To change the order as in the above question do df2[,c(1,3,2,4)]

If you want to output this file as a csv, do write.csv(df2, file="somedf.csv")

Solution 2

# reorder by column name
data <- data[, c("A", "B", "C")] # leave the row index blank to keep all rows

#reorder by column index
data <- data[, c(1,3,2)] # leave the row index blank to keep all rows

Solution 3

You can also use the subset function:

data <- subset(data, select=c(3,2,1))

You should better use the [] operator as in the other answers, but it may be useful to know that you can do a subset and a column reorder operation in a single command.

Update:

You can also use the select function from the dplyr package:

data = data %>% select(Time, out, In, Files)

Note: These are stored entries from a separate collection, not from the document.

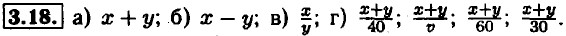 3.27. a) 6x; 6) 4у; в) 6x + 4у; г) 6x - 4y. 3.28. a) x - 10; б) 5x; в) 6x - 60; r) 11x - 60. 3.29. a) υ + x; υ - x; 6) 3 • (υ + x) = 3υ + Зx; в) 3,5 • (υ - x) = 3,5υ - 3,5x; r) 3υ + 3x = 3,5υ - 3,5x. 3.30. а) числа x и у равны; б) число а в два раза больше числа 6; в) числа 2d и Зс равны; г) числа 6m и 11n равны. 3.31. а) число а на 7 меньше чем b; б) если к числу а прибавить 2, а к b 8, то их суммы равны; в) разность чисел а и b равна 3; г) разность чисел а и 3 равна сумме b и 1. 3.32. а) число равно сумме чисел bd и 2; б) число у в 7 раз больше суммы а; и 1; в) разность чисел Зn и 4 в 7 раз больше m; г) удвоенная разность x и 1 равняется утроенной сумме у и 1. 3.33. Пусть х квартир в первом доме.
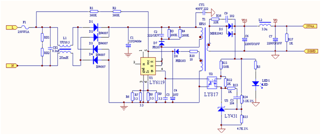 充電器適配器副邊反饋5V* 4A=20W典型應(yīng)用電路圖
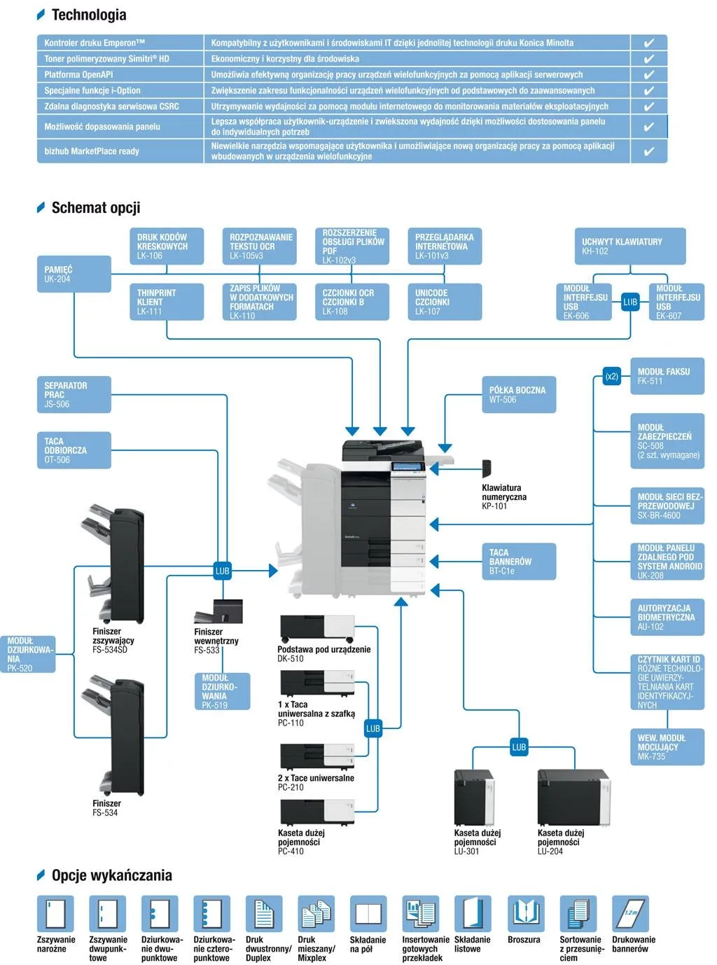 | Finiszer wbudowany (zszywanie do 50 arkuszy, taca wyjścia na 500 arkuszy, opcjonalnie moduł dziurkacza 2-4 otwory. Finiszer wolnostojący (zszywanie do 50 arkuszy, taca wyjścia na 3200 arkuszy, opcjonalnie moduł dziurkacza 2-4 otwory, moduł broszurujący (zszywanie na środku arkusza) Taca wyjścia Separator prac (max 200 – 150/50 arkuszy) Dodatkowa kaseta na 500 arkuszy Dodatkowa kaseta na 2×500 arkuszy Kaseta na 2500 arkuszy A4 Podstawa pod urządzenie Bank papieru na 3000 arkuszy, (A4, 52-256 g/m2) Bank papieru na 3000 arkuszy, (A4-SRA3, 52-256 g/m2) Podajnik na papier banerowy Moduł faksu Kontroler druku Fiery IC-414 Moduł zabezpieczający Mocowanie klawiatury Interfejs USB Interfejs USB z Bluetooth Stół roboczy Czytnik biometryczny Czytnik kart zbliżeniowych Znacznik dokumentów wychodzących i-Option (dodatkowe funkcje) Adapter WLAN |
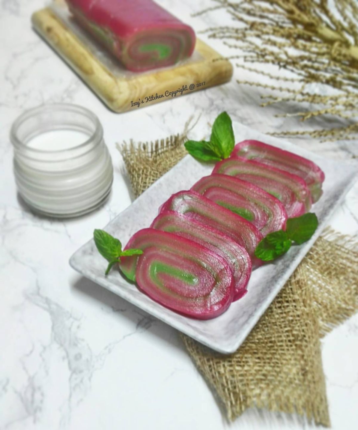 - Tuang 125 ml adonan putih ke dalam cetakan dan kukus selama 5 menit dengan api sedang. Setelah itu, tuang adonan merah sebanyak 125 ml dan kukus lagi selama 5 menit. Lanjutkan dengan adonan hijau, kukus selama 5 menit. Ulangi proses ini hingga semua adonan habis.
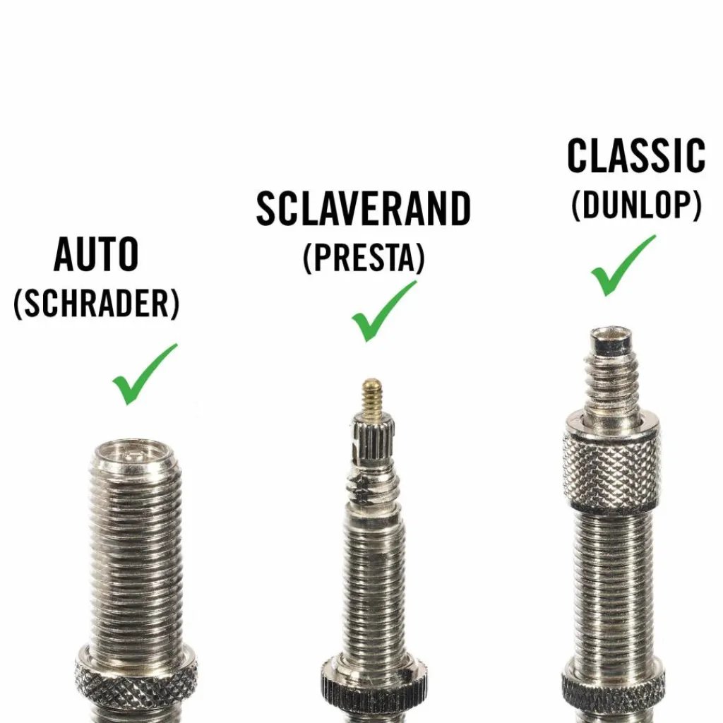 Nicht alle Räder haben das gleiche Ventil. An einigen Pumpen musst du dann am Pumpenkopf den Ventil-Adapter tauschen oder drehen. Die Macro Floor Drive verfügt über zwei Ventilaufnahmen und erleichtert dir damit die Handhabung. Einfach die entsprechende Ventil-Aufnahme aufs Fahrradventil aufstecken, den Hebel zum Fixieren um 90 Grad nach oben klappen und lospumpen. Mit der Macro Floor Drive DV kannst du alle gängigen Ventile nutzen: Auto/Schrader, Sclaverand/Presta, Dunlop/Classic.
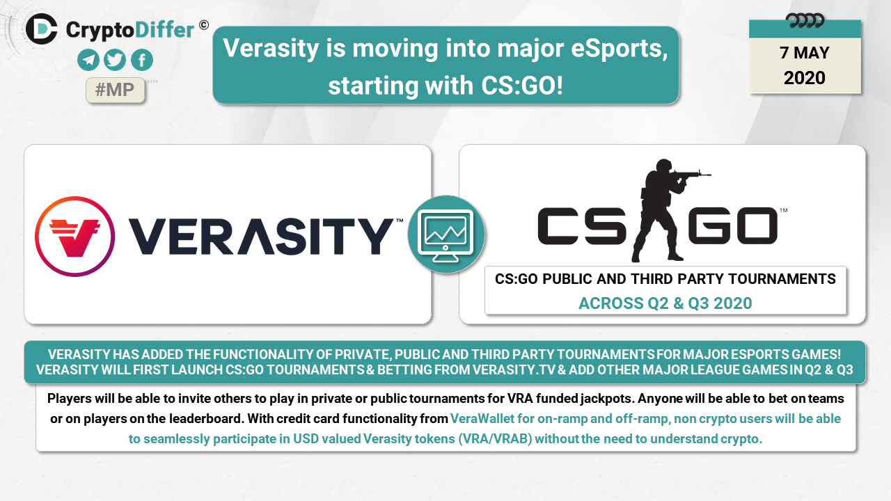 Verasity will first launch CS:GO tournaments and betting from VerasityTV and add other major league games in Q2&Q3 (League of Legends and others). Players will be able to invite others to play in private or public tournaments for VRA funded jackpots. With credit card functionality from VeraWallet for on-ramp and off-ramp, non crypto users will be able to seamlessly participate in USD valued Verasity tokens (VRA/VRAB) without the need to understand crypto.
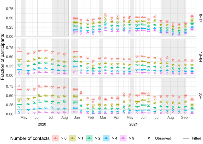 The COVID-19 pandemic was in 2020 and 2021 for a large part mitigated by reducing contacts in the general population. To monitor how these contacts changed over the course of the pandemic in the Netherlands, a longitudinal survey was conducted where participants reported on their at-risk contacts every two weeks, as part of the European CoMix survey. The survey included 1659 participants from April to August 2020 and 2514 participants from December 2020 to September 2021. We categorized the number of unique contacted persons excluding household members, reported per participant per day into six activity levels, defined as 0, 1, 2, 3-4, 5-9 and 10 or more reported contacts. After correcting for age, vaccination status, risk status for severe outcome of infection, and frequency of participation, activity levels increased over time, coinciding with relaxation of COVID-19 control measures.
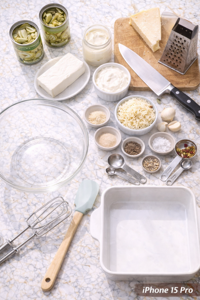 1. Drain the artichoke hearts aggressively. Press them in a clean kitchen towel or between layers of paper towels after draining. Excess water makes the dip soupy, and nobody wants that.
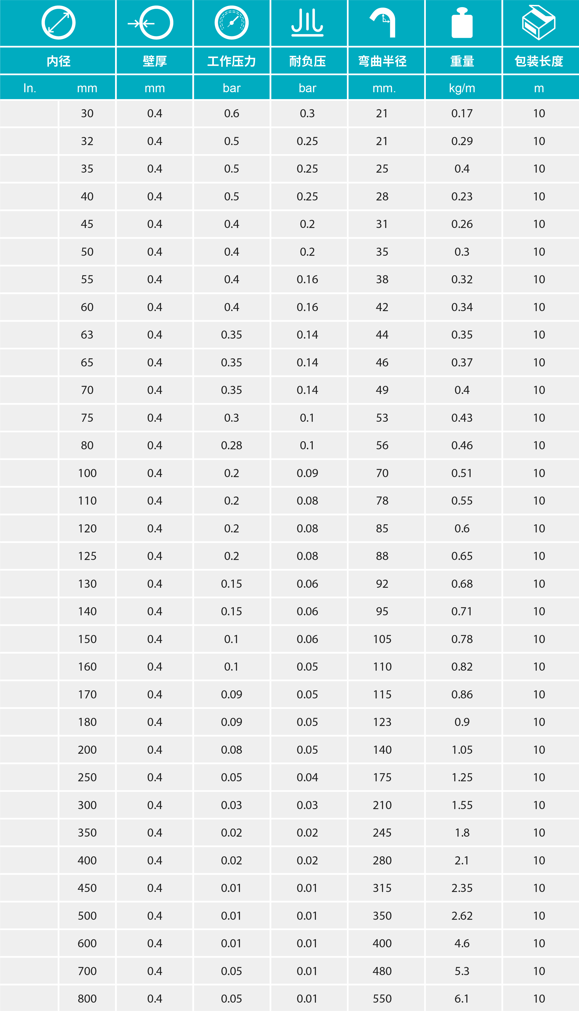 質極輕且極其柔軟,具有良好的可壓縮性,內(nèi)壁平滑以保證物料在管內(nèi)流動順暢
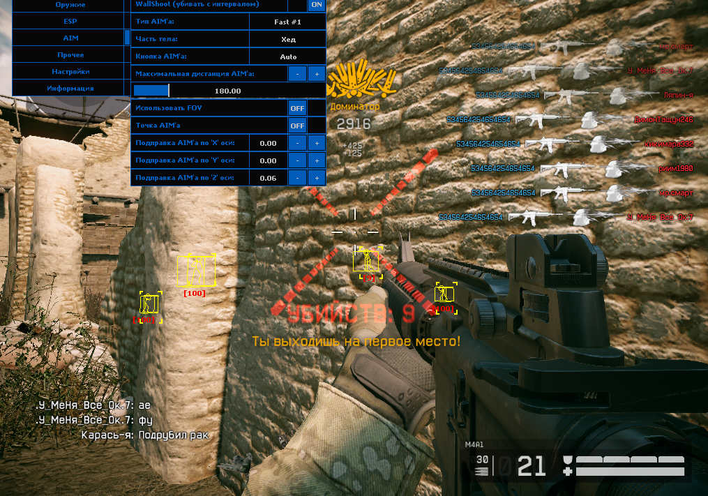 Доброго времени суток. Сегодня решил слить вас приватный чит для варфейс на 2019 год. Честно говоря не знаю сколько он будет работать, но с таким читом стоит поиграть, так как в нем присутствует все для комфортной игры начиная обычным esp заканчивая мясным аимом.
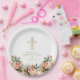 Prato De Papel Batismo Floral Cruzado do Ornamentado Dourado Eleg
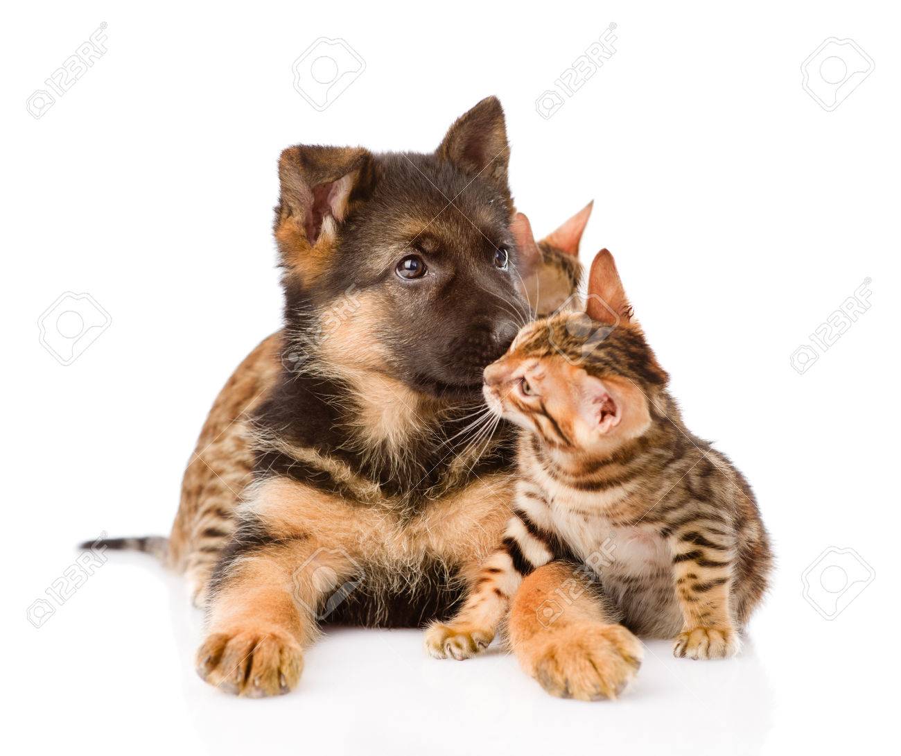 Chiot Berger Allemand étreindre Chatons Bengale Isolé Sur Fond Blanc

I am not sure about the efficiency, but thanks to dplyr's syntax this solution should be more flexible, specially if you have a lot of columns. For example, the following will reorder the columns of the mtcars dataset in the opposite order:

mtcars %>% select(carb:mpg)

And the following will reorder only some columns, and discard others:

mtcars %>% select(mpg:disp, hp, wt, gear:qsec, starts_with('carb'))

Solution 4

As mentioned in this comment, the standard suggestions for re-ordering columns in a data.frame are generally cumbersome and error-prone, especially if you have a lot of columns.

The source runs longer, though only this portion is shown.